Relatives complain of inhumane treatment of prisoner

The relatives of Colin Jones, who was committed to stand trial in the High Court for the 2009 attempted Supreme Court arson, yesterday complained bitterly that he was being treated inhumanely by prison and police personnel.

“Yesterday we received an unknown call that Colin was being taken to the hospital because he had tried to burn a mattress and had eaten a light bulb,” his sister Coleen Jones said. “When we rushed down to the prison a warden said he was not going to be taken to the hospital that he was okay. We ain’t believe; we waited and you see when he come out if you see wuh dey do wid he not even a dog puppy you would treat so. Blood and battering all over.”

Colin Jones

Numerous efforts to contact Director of the Prisons Dale Erskine for comment on the relatives’ claims proved futile.

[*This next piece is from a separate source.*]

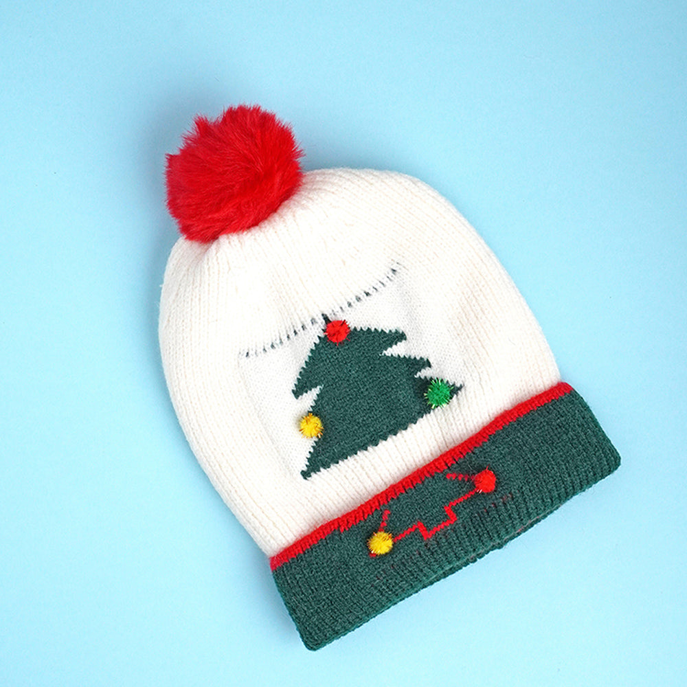 White Xmas Tree Christmas Themed Woolen Winter Cap Beanie | 3-10 Years

A group of angry relatives visited Stabroek News demanding justice for the prisoner.

They further informed that the police were called to take Jones to the hospital and that they dealt him several blows about the body even as he lay in the back of the vehicle.

At the Georgetown Public Hospital, Jones was examined by a doctor since officials stated that it was hospital policy that a doctor could evaluate a patient’s condition with one close relative, or in the case of prisoners, two duty officers.

They said that several police officers stormed the Accident and Emergency Unit and when they were told that they could not be in the room during the examination, they simply took Jones back to the Camp Street prison.

His family is convinced that he is now of unsound mind and that he should be psychologically evaluated. “He trip out in prison, man. He ain’t too right upstairs and even though his lawyer asking for him to be evaluated nobody ain’t taking him,” his sister said.

The man holds a long criminal record. In December 2011, Jones was sentenced to eight years imprisonment and fined for cultivating marijuana, illegal gun and ammunition possession.

He was also arraigned on a series of other charges including discharging a loaded firearm, attempted murder and murder.

He is one of five men, the others being Randy Mars, Basil Morgan, Anthony Watson and Jahfar Simpson, committed to stand trial for attempted arson of the Supreme Court.

The men, in November 2009, reportedly went on what was then referred to as a “terror rampage”.

During this attack, fire was also allegedly set to the Ministry of Health and rounds discharged at the Brickdam Police Station.